James Wilson recently posted a simple quiz that provides two possible "conservative" solutions to various issues. Of course real conservatism is not issue-based, rather it is principle based, but this post highlights how "do-gooder conservatives" so easily get it wrong. You see on that quiz many "Christian" hot button issues - it is on these issues and the reliance on the Federal Government that the evangelicals went astray.

One might get the impression that I am against what evangelicals believe at the core; after all, I show them no love in my treatment of their foolishness over the last 30 years. This would be an incorrect assumption. Real conservatism must be true to the people and the place it exists. In the United States, particularly where I come from, this means Christian values.

Real conservatives have religion - the primary and traditional religion of their home. Real conservatives are also environmentalist, preservationist and conservationist. In some sense conservatives are an eclectic lot - not the sort of eclectic, pragmatic compromise that exists in our two main political parties. As Larison says:

there is really nothing all that surprising about including a latter-day hero of the Country party in a conservatism that can proudly embrace the Antifederalists, Agrarians and Bradford in its tradition. But, then, you would never know that these people form an important (some might even say central) part of that tradition if your acquaintance with conservatism was limited to the main magazines and talking heads of the last ten years.

Somewhere along the way real conservatives became fractured, divided and married to more liberal groups - folks who proclaimed to champion the causes most dear to certain groups. Conservationist and environmentalist were usurped by the left in the 1960's - to most uninitiated conservatives today environmentalism is a bad word, but a real conservative must be an environmentalist and a conservationist. Evangelicals have been seduced by the liberal minded neoconservatives. Agrarians, states' rightist, constitutionalist (more or less antifederalist) are left out entirely with no viable voice. Thus we conservatives have compromised away our most treasured principles, colluded with the enemy to enable the advance of liberalism and abandoned several of our political brothers to be left without a political voice at all.

There is a cultural war going on; not west versus east or Spanish versus English per se. (These are but side shows).

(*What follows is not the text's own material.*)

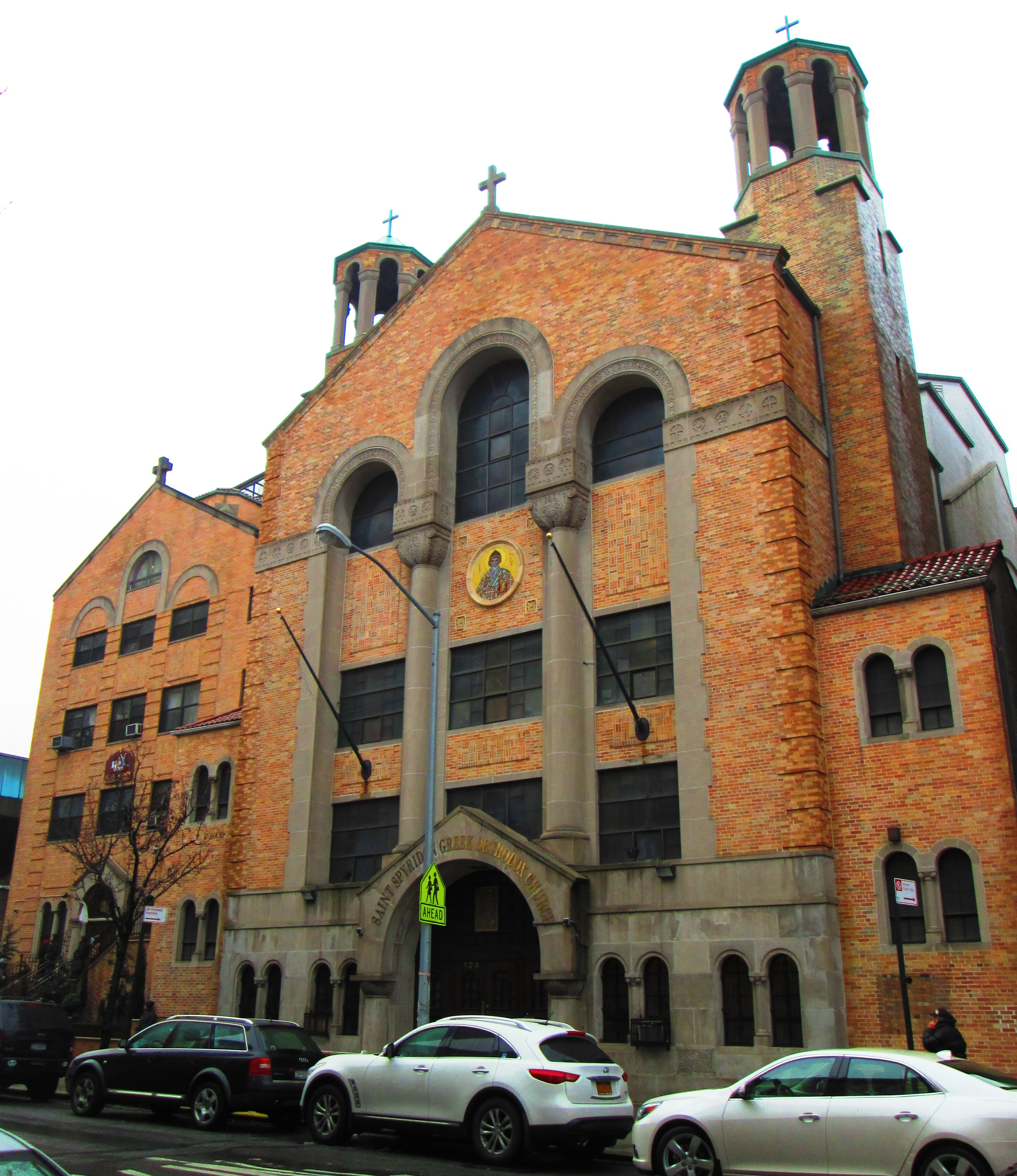 The Washington Heights Hellenic Church of St. Spyridon, at 124 Wadsworth Avenue near the corner of West 179th Street in the Washington Heights neighborhood of Manhattan, New York City, was built in 1951-54 and was designed by Kokkins & Lyras. The congregation was founded in 1931. (Source: From Abyssinian to Zion (2004))

The real cultural war is occurring where you live. You see signs of it-

  • at the school your children attend
  • on the street in your town
  • in the air you breath and food you eat
  • in the closed "mom and pop" stores down the street from the corporate giant Wal-Mart
  • in the filth played over corporate owned radio and television stations

Until conservatives realize what conservatism (paleoconservatism) is, and who conservatives are, we will continue to flounder around in the mess we now swim. We don't need big government to fix these issues; we need them to stop protecting corporations, legislating morality, educating our children and generally running our lives. We can fix the rest at the local level - if only we conservatives could speak with one voice on what we really want from government.